▸ YOUR ASSIGNMENT: Restrict the output to the lines below starting at the one that contains "Die Tasche besteht" and ending at the one that contains "為進一步推進政府職能轉(zh", and restate them word for word, both ends included.

▸ AVAILABLE RECORDS:
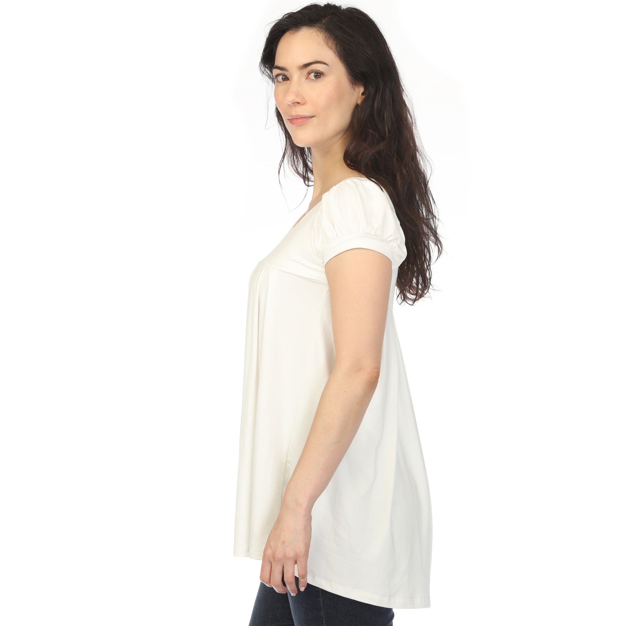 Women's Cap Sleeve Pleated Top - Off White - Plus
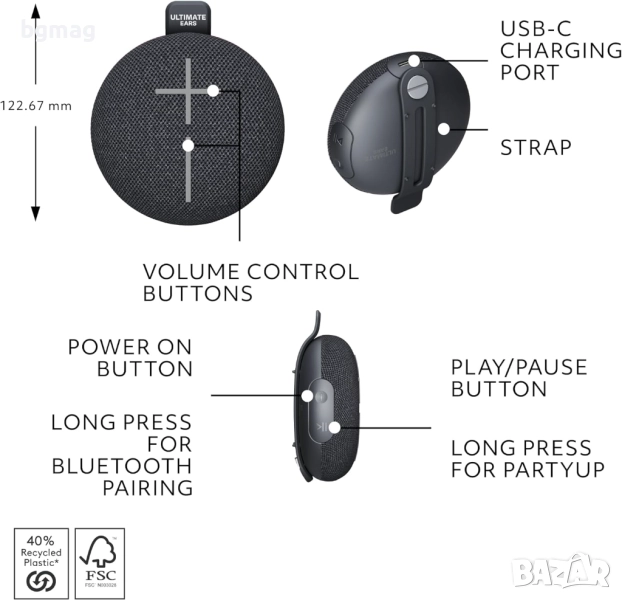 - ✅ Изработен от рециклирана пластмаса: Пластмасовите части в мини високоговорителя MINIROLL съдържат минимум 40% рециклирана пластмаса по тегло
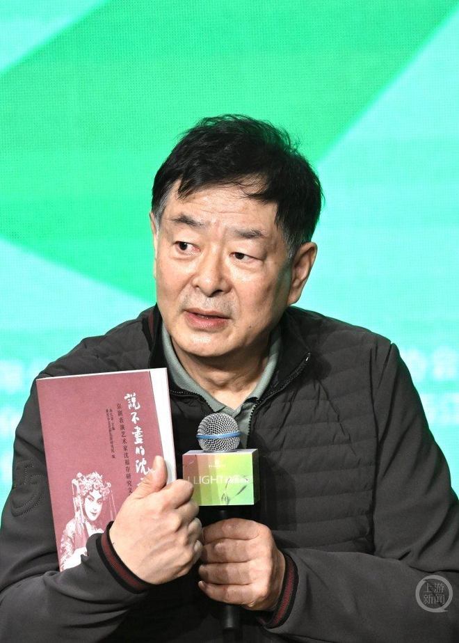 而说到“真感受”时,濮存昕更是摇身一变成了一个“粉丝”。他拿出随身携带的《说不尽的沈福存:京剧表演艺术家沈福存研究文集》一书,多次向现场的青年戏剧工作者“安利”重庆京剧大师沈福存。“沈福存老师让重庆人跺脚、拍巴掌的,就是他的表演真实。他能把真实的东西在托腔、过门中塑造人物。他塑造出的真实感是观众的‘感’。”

==

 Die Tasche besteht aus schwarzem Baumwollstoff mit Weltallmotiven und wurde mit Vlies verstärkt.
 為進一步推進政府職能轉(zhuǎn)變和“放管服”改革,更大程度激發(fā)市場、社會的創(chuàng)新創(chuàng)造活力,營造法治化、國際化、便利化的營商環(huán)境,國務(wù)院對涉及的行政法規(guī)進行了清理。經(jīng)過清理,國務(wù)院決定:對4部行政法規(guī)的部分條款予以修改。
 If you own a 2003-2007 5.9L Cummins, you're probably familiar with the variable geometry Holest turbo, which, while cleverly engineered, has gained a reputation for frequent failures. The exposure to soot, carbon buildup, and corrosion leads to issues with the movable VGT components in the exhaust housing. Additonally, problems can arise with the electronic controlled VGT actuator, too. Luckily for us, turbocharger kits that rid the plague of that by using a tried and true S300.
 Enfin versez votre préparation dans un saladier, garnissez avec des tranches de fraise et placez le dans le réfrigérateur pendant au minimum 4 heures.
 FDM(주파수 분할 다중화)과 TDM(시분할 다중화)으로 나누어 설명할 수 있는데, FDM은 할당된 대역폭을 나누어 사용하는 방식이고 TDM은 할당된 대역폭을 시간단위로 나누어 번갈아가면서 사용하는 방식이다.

▸ WRITTEN RESPONSE:
 Die Tasche besteht aus schwarzem Baumwollstoff mit Weltallmotiven und wurde mit Vlies verstärkt.
 為進一步推進政府職能轉(zhuǎn)變和“放管服”改革,更大程度激發(fā)市場、社會的創(chuàng)新創(chuàng)造活力,營造法治化、國際化、便利化的營商環(huán)境,國務(wù)院對涉及的行政法規(guī)進行了清理。經(jīng)過清理,國務(wù)院決定:對4部行政法規(guī)的部分條款予以修改。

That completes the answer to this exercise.